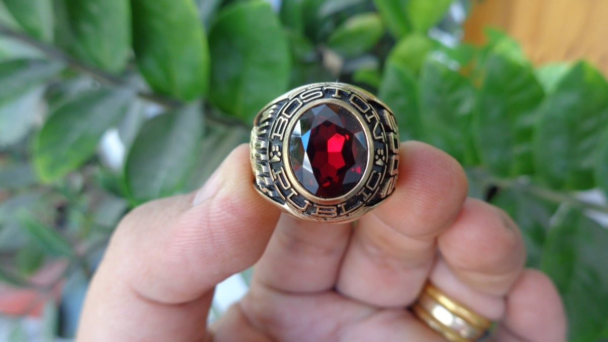 - Trên cùng là hột đỏ màu Ruby với bề mặt và đáy mài đa giác long lanh, bao quanh hột là tên trường Boston Public
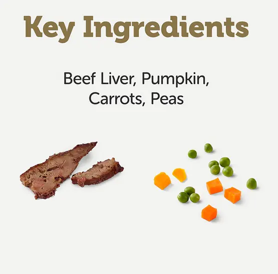 Chicken Breast 28%, Beef Liver 15%, Pumpkin 8%, Carrot 8%, Green Peas 8%, Rice 5%, Chicken Broth 28%.
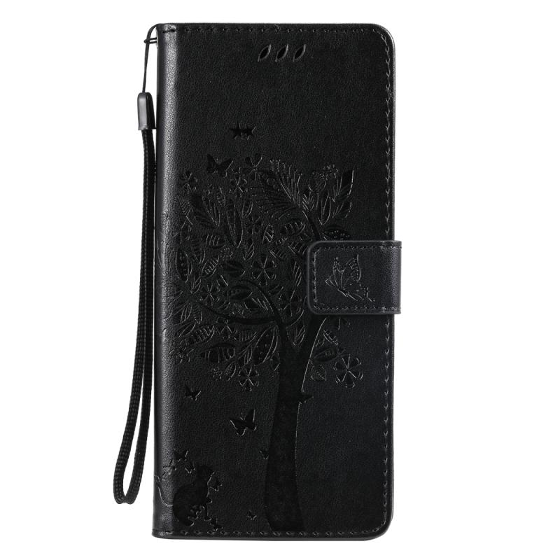 Θήκη για Sony Xperia 1 II με σχέδιο Δέντρου & Γάτας, εκτυπωμένη με θερμοτύπηση, οριζόντια αναδίπλωση, από δερματίνη PU με βάση στήριξης & θήκες για κάρτες & πορτοφόλι & κορδόνι (Χρυσό)
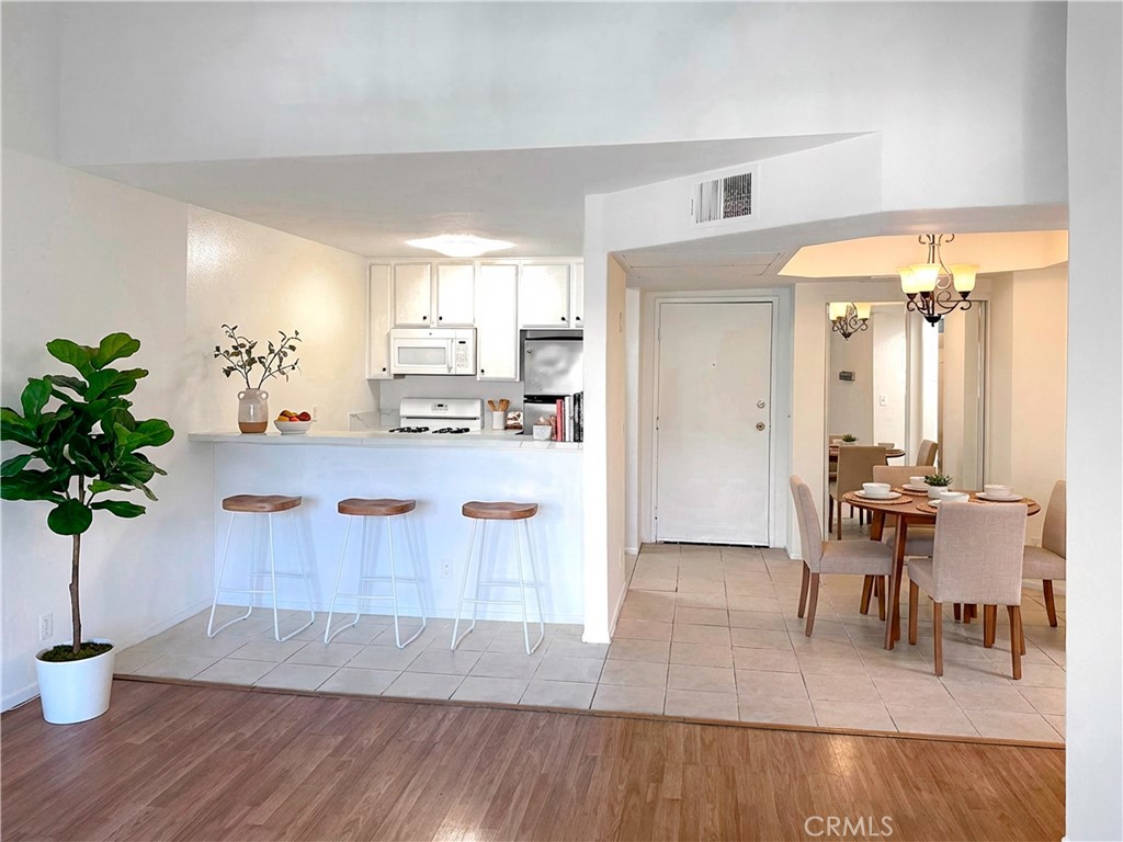 This incredible 1+1 freshly painted penthouse unit with vaulted ceiling is very bright with views of the trees and close proximity to area shops and restaurants. Great complex with a lot of trees and greenery. Spacious living room with fireplace and large balcony with storage. Open kitchen with brand new Quartz counter tops and breakfast counter. Dining area. Primary bedroom with vaulted ceiling and walk-in closet. Washer and dryer hook-ups in the closet. Full hallway bathroom. Other features include wood and tile floors, plenty of closet space. Small complex with pool and spa. Gated garage with 2 car parking. Plenty of guest parking. Prime location.
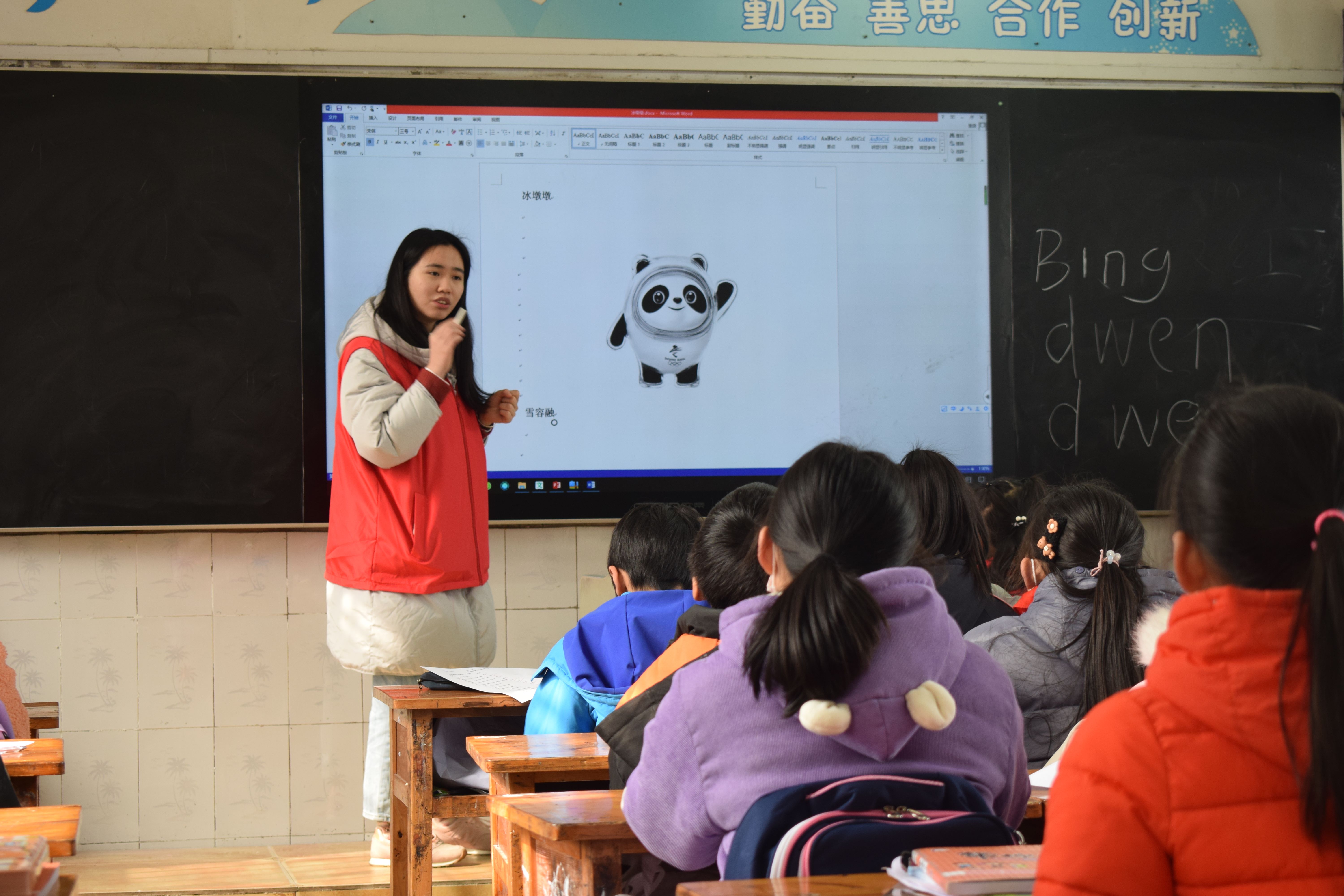 教室内,研究生团队的小伙伴们带领各年级同学们一起学习了简笔画,还为同学们科普了冬奥会的小知识,并且学习了冬奥会吉祥物冰墩墩的简笔画,在一幅幅简洁、生动的作品绘画中,提高了同学们的绘画功力和审美能力;同时,为增强同学们的凝聚力、展现同学们的蓬勃朝气,在教室外,趣味运动会活动也火热进行中。本次趣味运动会游戏多样,共设置了五个项目,大家不仅收获了丰厚的礼品,更收获了浓浓的同学情谊。
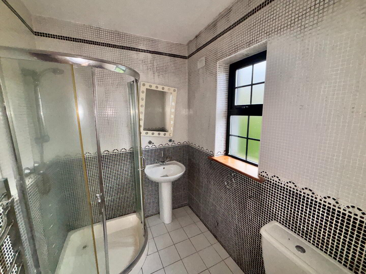 2.37m x 1.15m Toilet partially tiled.
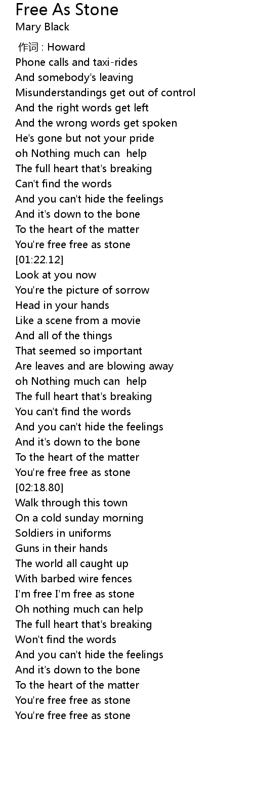 | [03:35.26] | You're free free as stone |
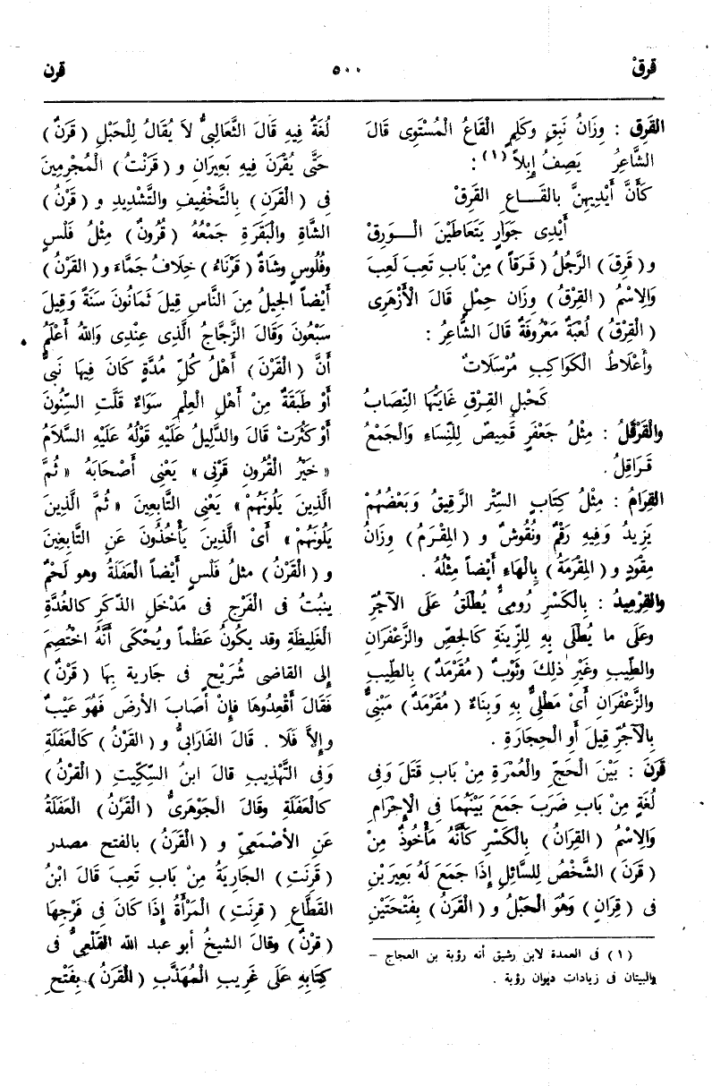 وَفِي لُغَةٍ مِنْ بَابِ ضَرَبَ جَمَعَ بَيْنَهُمَا فِي الْإِحْرَامِ وَالِاسْمُ الْقِرَانُ بِالْكَسْرِ كَأَنَّهُ مَأْخُوذٌ مِنْ قَرَنَ الشَّخْصُ لِلسَّائِلِ إذَا جَمَعَ لَهُ بَعِيرَيْنِ فِي قِرَانٍ وَهُوَ الْحَبْلُ وَالْقَرَنُ بِفَتْحَتَيْنِ لُغَةٌ فِيهِ قَالَ الثَّعَالِبِيُّ لَا يُقَالُ لِلْحَبْلِ قَرَنٌ حَتَّى يُقْرَنَ فِيهِ بَعِيرَانِ وَقَرَنْتُ الْمُجْرِمِينَ فِي الْقَرَنِ بِالتَّخْفِيفِ وَالتَّشْدِيدِ وَقَرْنُ الشَّاةِ وَالْبَقَرَةِ جَمْعُهُ قُرُونٌ مِثْلُ فَلْسٍ وَفُلُوسٍ وَشَاةٌ قَرْنَاءُ خِلَافُ جَمَّاءَ وَالْقَرْنُ أَيْضًا الْجِيلُ مِنْ النَّاسِ قِيلَ ثَمَانُونَ سَنَةً وَقِيلَ سَبْعُونَ.

> WHAT YOU WILL DO:
Exact copies of all the entries, without any pictures, are what the answer must contain.

> EXERCISE SOLUTION:
 - Trên cùng là hột đỏ màu Ruby với bề mặt và đáy mài đa giác long lanh, bao quanh hột là tên trường Boston Public
 Chicken Breast 28%, Beef Liver 15%, Pumpkin 8%, Carrot 8%, Green Peas 8%, Rice 5%, Chicken Broth 28%.
 Θήκη για Sony Xperia 1 II με σχέδιο Δέντρου & Γάτας, εκτυπωμένη με θερμοτύπηση, οριζόντια αναδίπλωση, από δερματίνη PU με βάση στήριξης & θήκες για κάρτες & πορτοφόλι & κορδόνι (Χρυσό)
 This incredible 1+1 freshly painted penthouse unit with vaulted ceiling is very bright with views of the trees and close proximity to area shops and restaurants. Great complex with a lot of trees and greenery. Spacious living room with fireplace and large balcony with storage. Open kitchen with brand new Quartz counter tops and breakfast counter. Dining area. Primary bedroom with vaulted ceiling and walk-in closet. Washer and dryer hook-ups in the closet. Full hallway bathroom. Other features include wood and tile floors, plenty of closet space. Small complex with pool and spa. Gated garage with 2 car parking. Plenty of guest parking. Prime location.
 教室内,研究生团队的小伙伴们带领各年级同学们一起学习了简笔画,还为同学们科普了冬奥会的小知识,并且学习了冬奥会吉祥物冰墩墩的简笔画,在一幅幅简洁、生动的作品绘画中,提高了同学们的绘画功力和审美能力;同时,为增强同学们的凝聚力、展现同学们的蓬勃朝气,在教室外,趣味运动会活动也火热进行中。本次趣味运动会游戏多样,共设置了五个项目,大家不仅收获了丰厚的礼品,更收获了浓浓的同学情谊。
 2.37m x 1.15m Toilet partially tiled.
 | [03:35.26] | You're free free as stone |
 وَفِي لُغَةٍ مِنْ بَابِ ضَرَبَ جَمَعَ بَيْنَهُمَا فِي الْإِحْرَامِ وَالِاسْمُ الْقِرَانُ بِالْكَسْرِ كَأَنَّهُ مَأْخُوذٌ مِنْ قَرَنَ الشَّخْصُ لِلسَّائِلِ إذَا جَمَعَ لَهُ بَعِيرَيْنِ فِي قِرَانٍ وَهُوَ الْحَبْلُ وَالْقَرَنُ بِفَتْحَتَيْنِ لُغَةٌ فِيهِ قَالَ الثَّعَالِبِيُّ لَا يُقَالُ لِلْحَبْلِ قَرَنٌ حَتَّى يُقْرَنَ فِيهِ بَعِيرَانِ وَقَرَنْتُ الْمُجْرِمِينَ فِي الْقَرَنِ بِالتَّخْفِيفِ وَالتَّشْدِيدِ وَقَرْنُ الشَّاةِ وَالْبَقَرَةِ جَمْعُهُ قُرُونٌ مِثْلُ فَلْسٍ وَفُلُوسٍ وَشَاةٌ قَرْنَاءُ خِلَافُ جَمَّاءَ وَالْقَرْنُ أَيْضًا الْجِيلُ مِنْ النَّاسِ قِيلَ ثَمَانُونَ سَنَةً وَقِيلَ سَبْعُونَ.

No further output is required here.